Exercise instructions:
Your job is to set down the stretch of entries that opens with the line containing "կատարվում Փաշինյանի էջում" and closes with the line containing "Worek sportowy bawełniany". Keep both end lines, copy each exactly, and add nothing.

Dataset entries:
━━━━━━━━━━━━━━━━━━━━

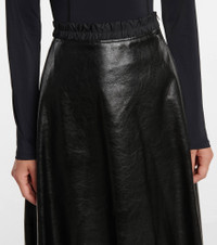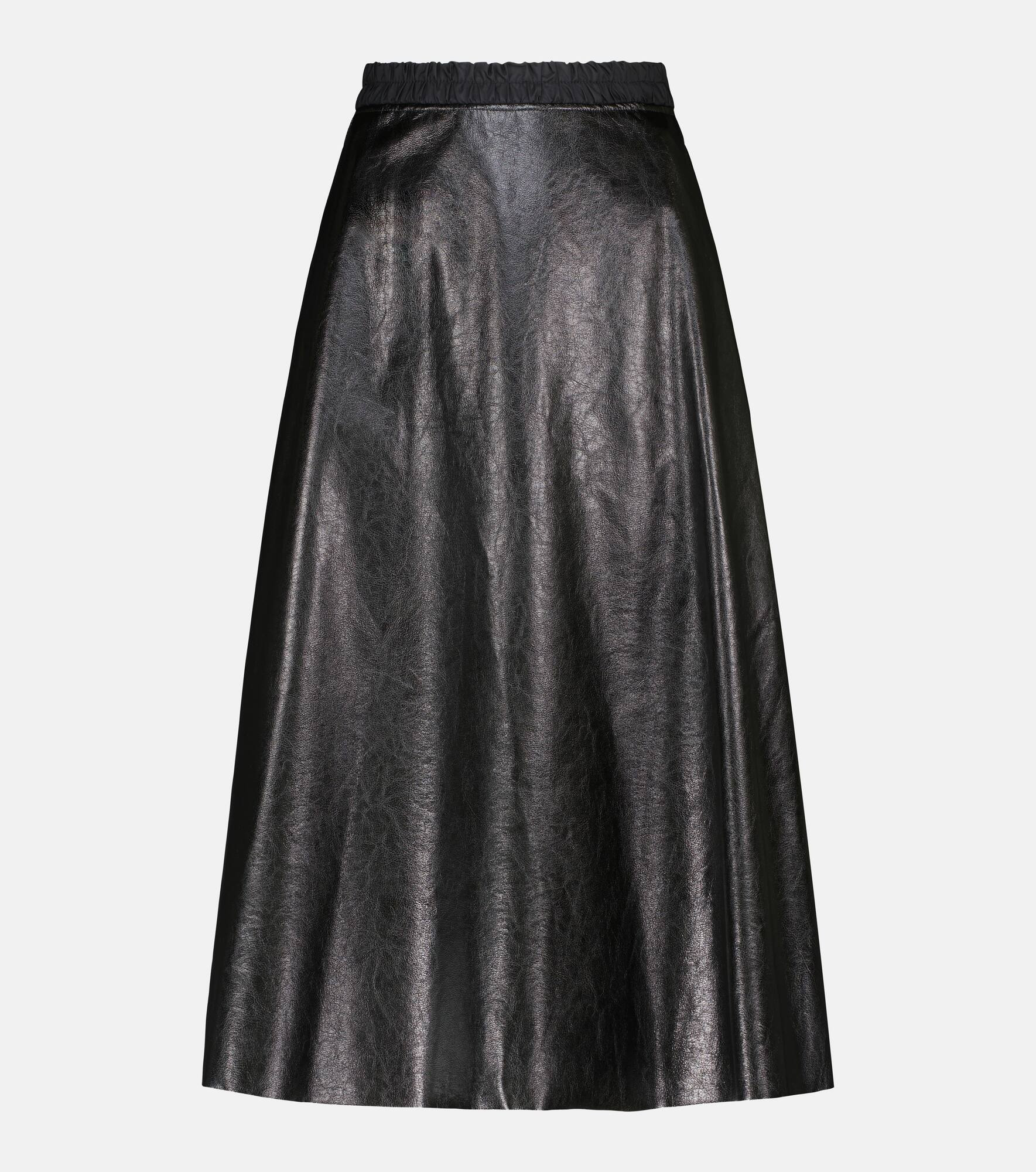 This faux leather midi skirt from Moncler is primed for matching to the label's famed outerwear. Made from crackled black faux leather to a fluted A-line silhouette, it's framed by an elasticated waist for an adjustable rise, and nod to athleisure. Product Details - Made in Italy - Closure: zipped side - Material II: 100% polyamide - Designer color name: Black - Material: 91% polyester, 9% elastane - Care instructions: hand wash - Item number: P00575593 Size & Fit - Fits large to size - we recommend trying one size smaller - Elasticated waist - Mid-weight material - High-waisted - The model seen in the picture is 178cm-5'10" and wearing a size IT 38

━━━━━━━━━━━━━━━━━━━━

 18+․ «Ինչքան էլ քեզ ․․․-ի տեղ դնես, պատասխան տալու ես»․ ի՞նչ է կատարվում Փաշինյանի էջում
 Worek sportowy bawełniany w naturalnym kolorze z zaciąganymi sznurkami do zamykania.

━━━━━━━━━━━━━━━━━━━━

Task solution:
 18+․ «Ինչքան էլ քեզ ․․․-ի տեղ դնես, պատասխան տալու ես»․ ի՞նչ է կատարվում Փաշինյանի էջում
 Worek sportowy bawełniany w naturalnym kolorze z zaciąganymi sznurkami do zamykania.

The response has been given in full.